NZ may beat Australia to first Antarctic fibre link
Article appeared in Communications Day, 26 Nov 2021
A possible route for a NZ-McMurdo fibre link
New Zealand may beat Australia to the punch on connecting an undersea fibre optic cable to Antarctica following a clear endorsement from a peak US scientific body.
A US National Science Foundation group has examined the value and feasibility of deploying a new submarine cable connecting NZ South Island to the US operated McMurdo Station to address the severe network bandwidth bottlenecks that currently constrain scientific research in Antarctica.
The proposal also calls for branching units which could service Australian Antarctic facilities and potentially even a second link to Perth.
A workshop of scientists with a focus on Antarctica has: “Identified no significant obstacles to, and great enthusiasm for, supporting the construction of a new cable to McMurdo. New Zealand would be the most likely appropriate endpoint, but Australia is also a possibility. Connectivity from McMurdo could trivially be extended to New Zealand’s adjacent Scott Base.” McMurdo is the US base on the shore of Antarctica and is located closer, by longitude, to New Zealand than Australia.
According to a paper released from the workshop, NSF’s Of?ice of Polar Programs is investigating the feasibility of constructing a cable between New Zealand and McMurdo Station with terabit-scale networking interconnections at low latencies estimated 45 ms to New Zealand.
The cable infrastructure could also serve as a scientific instrument platform, for example observing ocean conditions and seismic activity along the cable path.
With the weight of the US science establishment, a NZ cable may have stolen a march on similar proposals for an Australian cable, proposed earlier this year by Geoscience Australia and the Bureau of Meteorology.
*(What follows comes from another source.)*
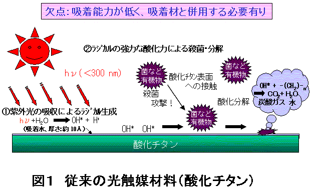 この問題を解決するため、酸化チタン光触媒が注目されています。これは、クリーンエネルギーである紫外領域の光を用い、臭い成分や、汚れなどを酸化分解により、炭酸ガスと水に分解することができます(図1)。たとえば、ウイルスや細菌類をその死骸や毒素を含めて分解、無毒化してしまいます。現在は、この特性を生かして、抗菌タイルや防汚ガラス、防汚テントから、空気清浄フィルタなどの環境浄化製品にいたる幅広い分野で製品化されています。

In a submission to the Federal Inquiry into the availability and access to enabling communications infrastructure in Australia’s external territories,
Geoscience Australia called on the federal government to fund an engineering study to investigate the viability of establishing an undersea cable from Australia to Antarctica. It believes that such a cable could even facilitate the development of an Antarctic space park, which could be funded by government.
The Bureau of Meteorology also recommended an investigation into the feasibility of establishing an intercontinental and intracontinental fibre optic cable technology and infrastructure to permanent Antarctic research stations Davis, Casey, Mawson, Macquarie Island from the Australian continent. “An intercontinental submarine fibre optic cable from Australia to the Antarctic continent would establish a reliable, high bandwidth, low latency communication service to Australian research stations for the next 25 years and beyond as a long-term communications plan,” it said.
Both submissions were made in February but the committee, which was convened over a year ago, has yet to hold one public hearing.
By contrast, the US NSF convened a three day workshop with nearly 140 participants which generated a 138 page action plan last month. They are already planning for next steps beyond an initial New Zealand to Antarctica link.
“Workshop participants envisioned leveraging a McMurdo fibre link for follow-on communication infrastructure projects to create new opportunities to connect field research sites by wireless or direct-fibre connections. Such future intra-Antarctic networks enabled by a McMurdo fibre link could be based on emerging satellite systems that will provide polar coverage, perhaps augmented with a direct fibre-optic link between McMurdo and Amundsen-Scott South Pole Station,” said the NSF report.
“These intra-Antarctic networks would enable substantial improvements to connectivity to South Pole research facilities that generate massive and growing amounts of data that can now only be shared by siphoned satellite uplink or physical transport of storage media during the Antarctic summer.”
Scientists estimate multi-terabit requirements for Antarctica including seismic, oceanic and astronomical data. The proposed cable would have a sensing capability.
The US proposal would provide for a branching unit which could connect Australia’s Macquarie Island to the system. The advantages of a NZ system is that it would connect at South Island to the proposed new Hawaiki cable there connecting to Australia and the US as well as the proposed NZ-Chile Humboldt cable.
The NSF report also floated the possibility of a second cable connecting McMurdo station to Perth, Australia.
“Additional routes could also connect McMurdo Station to Perth in Australia. Branching units may be installed to provide connectivity to locations elsewhere on the continent, including sites such as Davis and Mawson. An additional path to Perth would provide resilient connectivity out of Antarctica. Access to the global Research and Education networks is readily available from New Zealand or Australia or both. Commodity (commercial) Internet access is also available from both locations.”